Items from a dataset
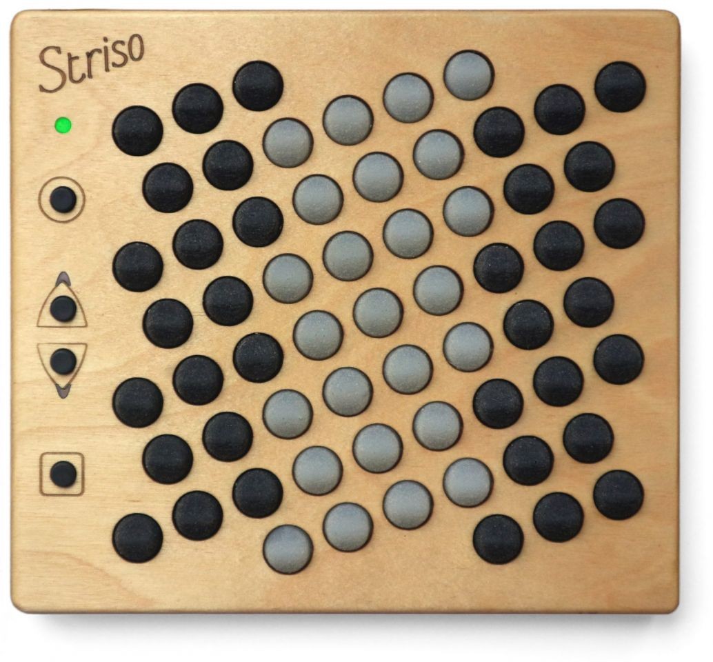 The Striso board is an expressive instrument which combines multidimensionally sensitive buttons with an innovative note layout that helps understand the structures in music. The buttons capture each subtle finger movement, which allows for levels of musical expression previously only known to acoustic instruments. Additionally, accents and sound effects can be added by shaking and moving the instrument as a whole.
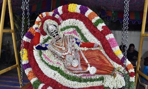 புதுச்சேரி; முதலியார் பேட்டை முத்துமாரியம்மன் கோயிலில் ஆடி மாத விழாவை முன்னிட்டு ஊஞ்சல் உற்சவம் நடந்தது.
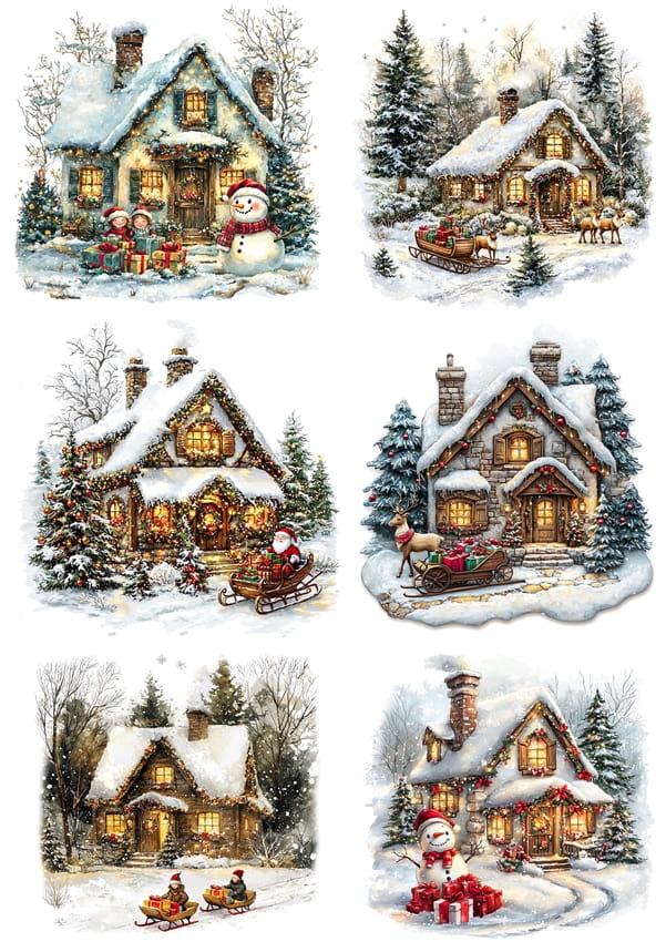 Papier ryżowy A4 do decoupage Artando - domki, chatki, zima
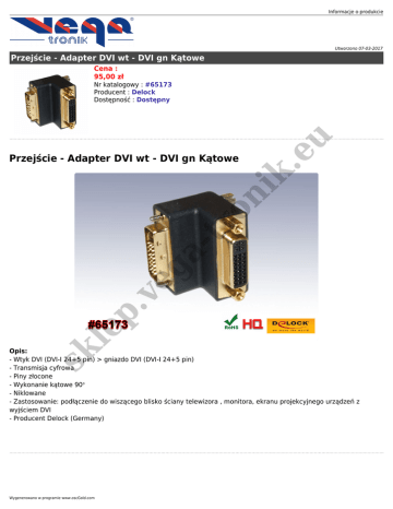 Informacje o produkcie Utworzono 07-03-2017 Przejście - Adapter DVI wt - DVI gn Kątowe Cena : 95,00 zł sk le p. ve g atr on i k. Przejście - Adapter DVI wt - DVI gn Kątowe eu Nr katalogowy : #65173 Producent : Delock Dostępność : Dostępny Opis: - Wtyk DVI (DVI-I 24+5 pin) > gniazdo DVI (DVI-I 24+5 pin) - Transmisja cyfrowa - Piny złocone - Wykonanie kątowe 90o - Niklowane - Zastosowanie: podłączenie do wiszącego blisko ściany telewizora , monitora, ekranu projekcyjnego urządzeń z wyjściem DVI - Producent Delock (Germany) Wygenerowano w programie www.oscGold.com
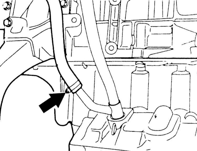 7 Отсоедините шланг слива масла у направляющей трубы указателя уровня масла, предварительно ослабив крепление хомута. |
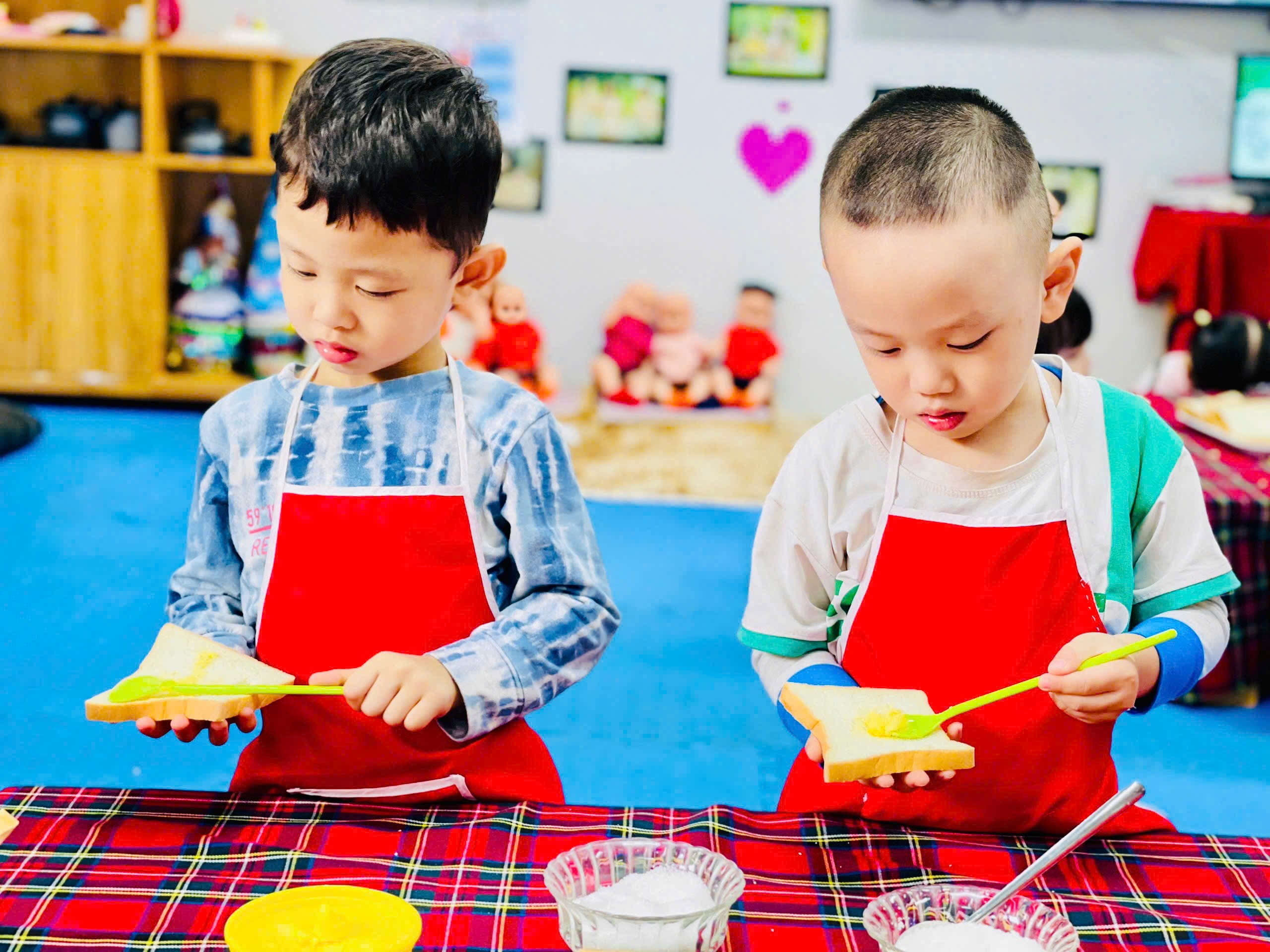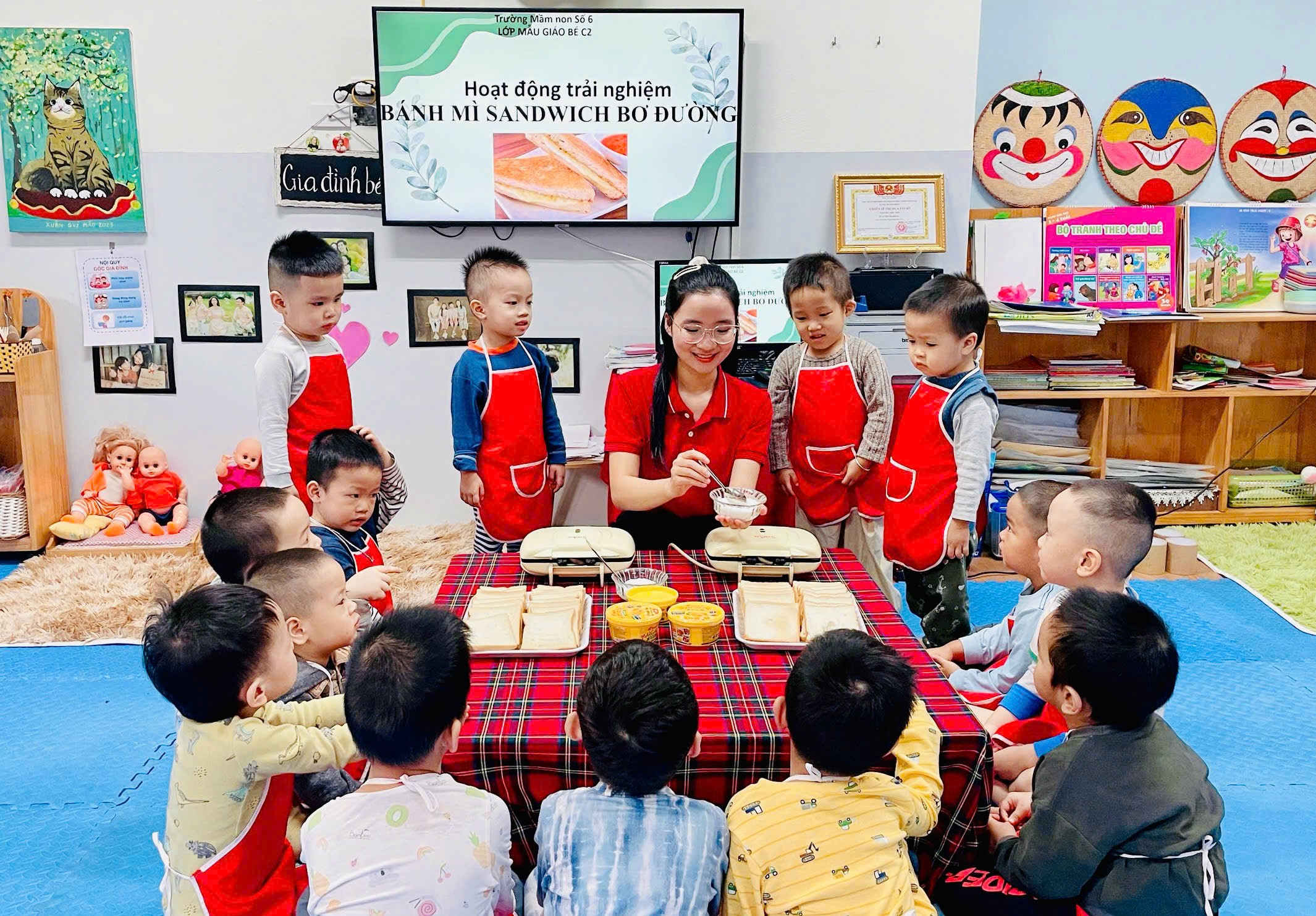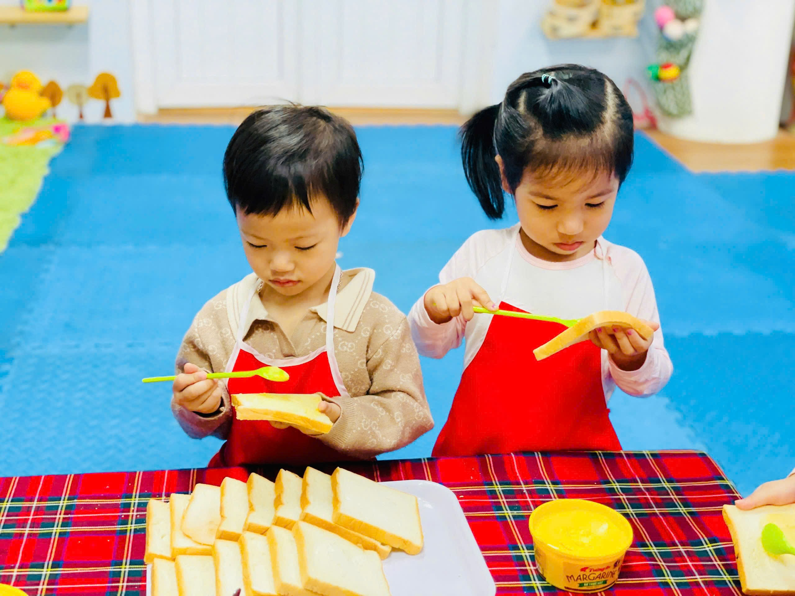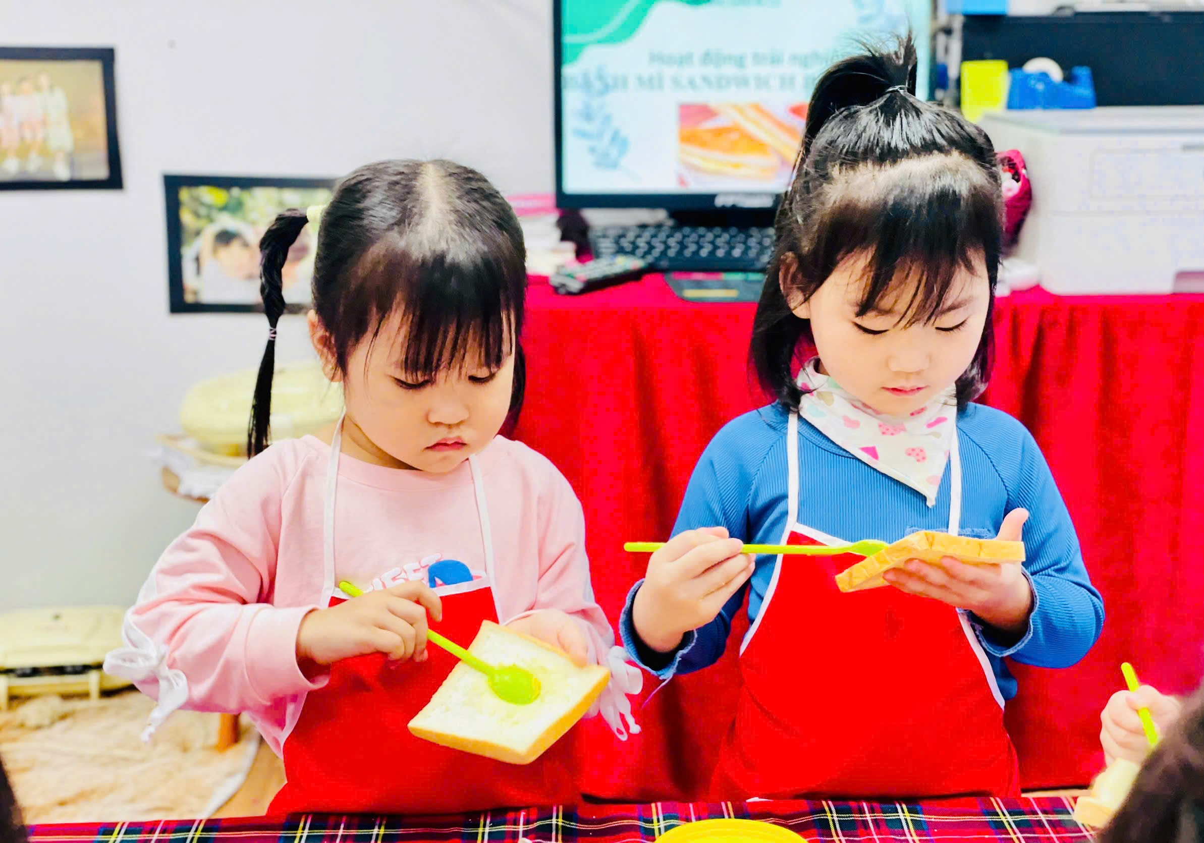 Hôm nay, các bạn nhỏ lớp Mẫu giáo Bé C2 đã có một buổi trải nghiệm thật vui và đầy hứng thú với hoạt động trải nghiệm “Làm bánh mì sandwich bơ đường”.

## [EXERCISE AIM]
Take the line that contains "7 Отсоедините шланг" and every line after it down to the last line of the entries above, and output them exactly, with nothing else and no pictures.

## [RESULT]
 7 Отсоедините шланг слива масла у направляющей трубы указателя уровня масла, предварительно ослабив крепление хомута. |
 Hôm nay, các bạn nhỏ lớp Mẫu giáo Bé C2 đã có một buổi trải nghiệm thật vui và đầy hứng thú với hoạt động trải nghiệm “Làm bánh mì sandwich bơ đường”.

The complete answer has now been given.